Winfield Townley Scott

Winfield Townley Scott (April 30, 1910 – April 28, 1968) was an American poet, critic and diarist.

Biography

Scott was born in Haverhill, Massachusetts, seven days after the arrival of Halley's Comet. He graduated from Brown University in 1931.[1]

He penned an important early appreciation of horror writer H.P. Lovecraft (1890–1937) — "His Own Most Fantastic Creation: Howard Phillips Lovecraft" (1944). Another essay on Lovecraft, "Lovecraft as a Poet", first appeared in Rhode Island on Lovecraft (1945) and was reprinted elsewhere in a revised version as "A Parenthesis on Lovecraft as Poet." He corresponded with Lovecraft, and in 1950, advised J. Warren Thomas about a biographical thesis. He was editor of The Providence Journal and Evening Bulletin[2]

Scott was primarily known for his journals. He published these as A Dirty Hand (1958). He corresponded with Ruth Lechlitner.[3]

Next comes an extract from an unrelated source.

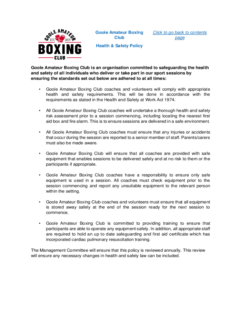 Goole Amateur Boxing ClubClick to go back to contents pageHealth & Safety PolicyGoole Amateur Boxing Club is an organisation committed to safeguarding the health and safety of all individuals who
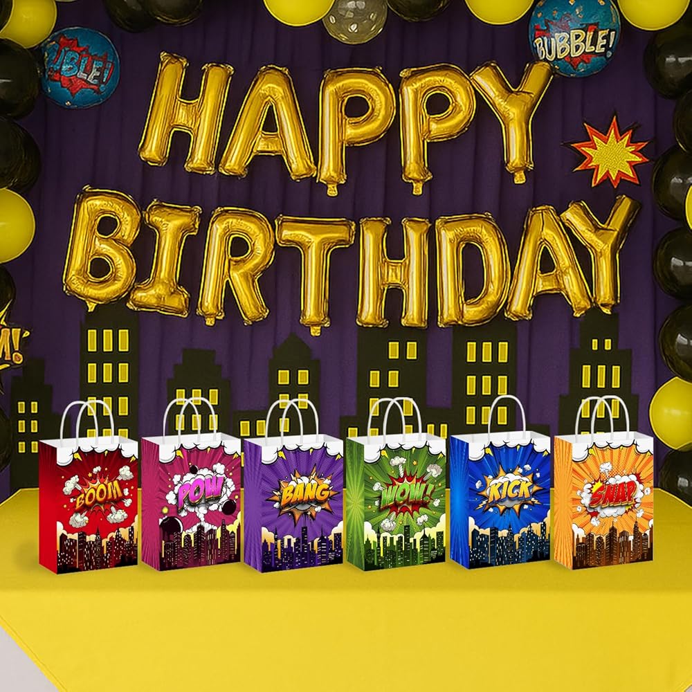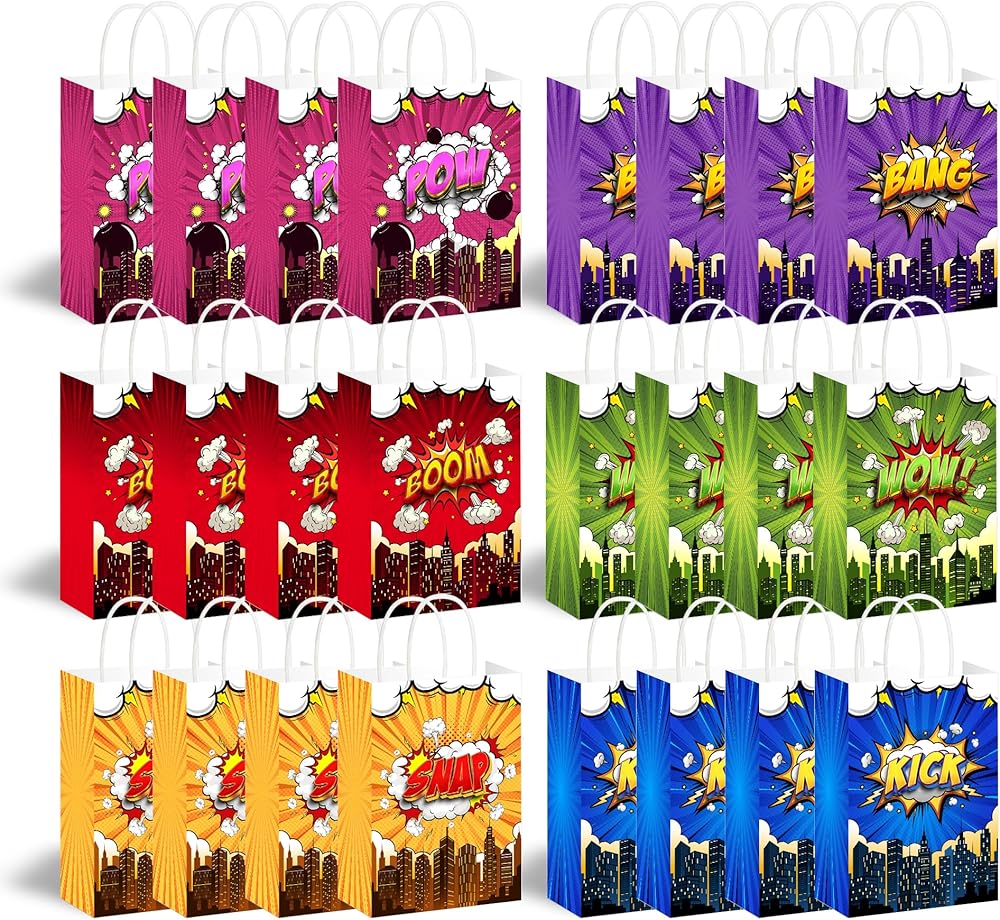 Suitable Size: 8.26"W x 5.9"H x 3.14"D (21x15x8cm) environmentally-friendly kraft paper gift bag, which is suitable for storing various delicate gifts, such as toys, books, puzzles, chocolates, sweets, toys, and more, they make distributing hero birthday favors a breeze, ensuring guests leave with a smile. Package Include: you will receive 24 pieces hero party favor bags with Handle, made of kraft paper,printed with 6 different patterns,and each patterns have 4 pieces. these present bags are good ideal decorations for hero themed party, they can give more choice for you. And this quantity will meet your needs for themed parties usage. Quality Paper Construction: crafted from quality paper, our hero goodie bags are both strong and elegant; Safe and sturdy, featuring a comfortable handle and a solid flat bottom, making them not just visually appealing but practical for hero birthday favors. Captivating Hero Theme Design: enhance your hero party with our goodie bags showcasing vibrant hero patterns—Boom, Pow, Wow, Kick—against city backdrops; These hero birthday decorations offer vivid appeal, making them memorable additions to your hero-themed celebration. This product is suitable for children aged 3 and up. Our Service: Enjoy 24-hour professional customer service for prompt issue resolution; backed by our money-back guarantee for your peace of mind.

Several of his poems appear in the book, "Dont Forget To Fly", an anthology (that includes many other famous works) collected by Paul B. Janeczko, Bradbury Press, published in 1981.

He died due to a drug reaction in 1968.

Awards

Works

Books of poems

  • Wind the Clock (1941)
  • The Sword on the Table (1942)
  • To Marry Strangers (1945)
  • Mr. Whittier and Other Poems (1948)
  • The Dark Sister (1958)
  • Scrimshaw (1959)
  • Collected Poems 1937-1962 (1962)
  • Change of Weather (1964)

Diaries

  • A Dirty Hand (University of Texas Press, 1969)

Essays

  • Exiles and Fabrications (Doubleday, 1961)

As editor

  • La Farge, Oliver, The Man with the Calabash Pipe (Houghton Mifflin, 1966)

References

Notes
  1. "Encyclopedia Brunoniana | Poetry". Brown.edu. Retrieved 2017-05-29.
  2. "The Black Seas of Copyright: Arkham House Publishers and the H.P. Lovecraft Copyrights". Aetherial.net. Retrieved 2017-05-29.
  3. "Papers of Ruth Lechlitner - Special Collections - The University of Iowa Libraries". Lib.uiowa.edu. Retrieved 2017-05-29.
  4. "1963 National Book Awards Winners and Finalists, The National Book Foundation". Nationalbook.org. Retrieved 2017-05-29.
Sources
  • Poet in America: Winfield Townley Scott by Scott Donaldson (AuthorHouse, 2001).